Masyarakat dapat menyampaikan pada kepolisian kapanpun karena tugas jaga/piket Sentra
Pelayanan Kepolisian menerima laporan selama 24 Jam, 7 hari dalam seminggu. Masyarakat juga
bisa menyampaikan laporannya melalui call centre Polri 110, NTMC (National Traffic Manajement
Centre), dan TMC (Traffic Manajement Centre).
Penjelasan lebih lanjut dapat Anda simak dalam ulasan di bawah ini.
Ingin Masalah Anda Segera Tuntas?
Percayakan masalah hukum Anda ke ahlinya. Hubungi konsultan hukum
profesional, hanya Rp299.000,- per 30 menit.
Konsultasikan Masalah Anda
Powered by:
Ulasan:
Laporan Polisi
Sebelum masuk ke pertanyaan Anda, ada baiknya kami akan mengenalkan terlebih dahulu
apa yang dimaksud dengan laporan. Definisi Laporan dapat kita lihat di dalam Pasal 1
angka 24 Undang-Undang Nomor 8 Tahun 1981 tentang Hukum Acara
Pidana (“KUHAP”), yaitu:
Laporan adalah pemberitahuan yang disampaikan oleh seorang karena hak atau kewajiban
berdasarkan undang-undang kepada pejabat yang berwenang tentang telah atau sedang
atau diduga akan terjadinya peristiwa pidana.
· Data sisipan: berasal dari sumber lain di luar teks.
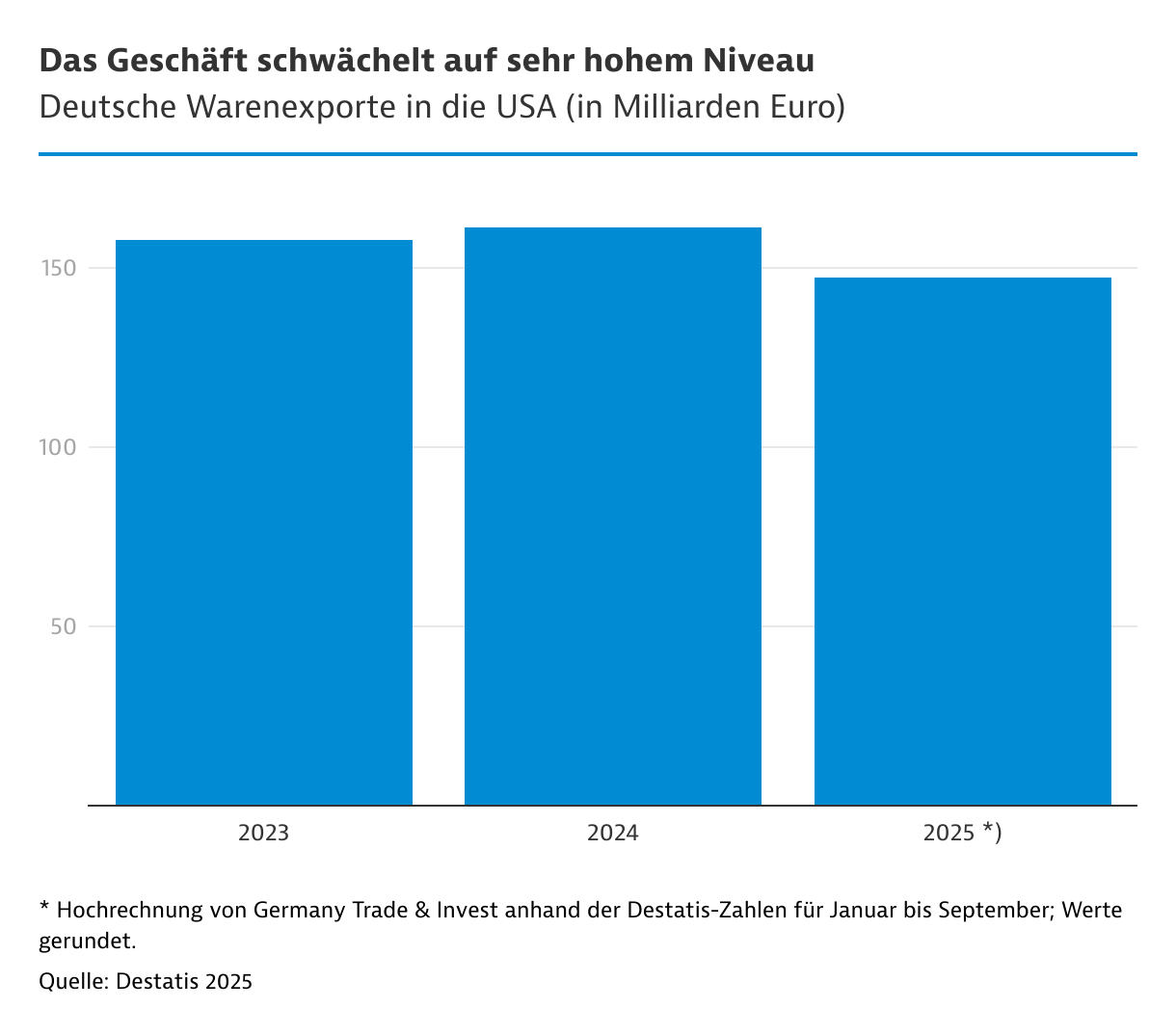 Die deutschen Ausfuhren in die USA könnten 2025 um 8 bis 9 Prozent sinken. Auch 2026 rechnet GTAI mit Einbußen. Doch trotz der Rückgänge bleiben die Exporte auf einem hohen Niveau.
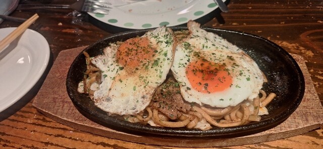 まず料理のクオリティが本当に高い。カジュアルな雰囲気のお店ながら、一品一品が想像以上に丁寧で、どのメニューもお酒が進む絶妙な味付けです。特にお気に入りは、目玉焼きをのせた焼きそば。香ばしいソースの香りと半熟の黄身のコクが合わさり、シンプルなのにクセになる美味しさです。深夜でも軽く食べられるのに、しっかり満足感がある絶妙な一皿。

Dari pengertian di atas, laporan merupakan suatu bentuk pemberitahuan kepada pejabat
yang berwenang bahwa telah ada atau sedang atau diduga akan terjadinya sebuah
peristiwa pidana/kejahatan. Artinya, peristiwa yang dilaporkan belum tentu perbuatan
pidana, sehingga dibutuhkan sebuah tindakan penyelidikan oleh pejabat yang berwenang
terlebih dahulu untuk menentukan perbuatan tersebut merupakan tindak pidana atau bukan.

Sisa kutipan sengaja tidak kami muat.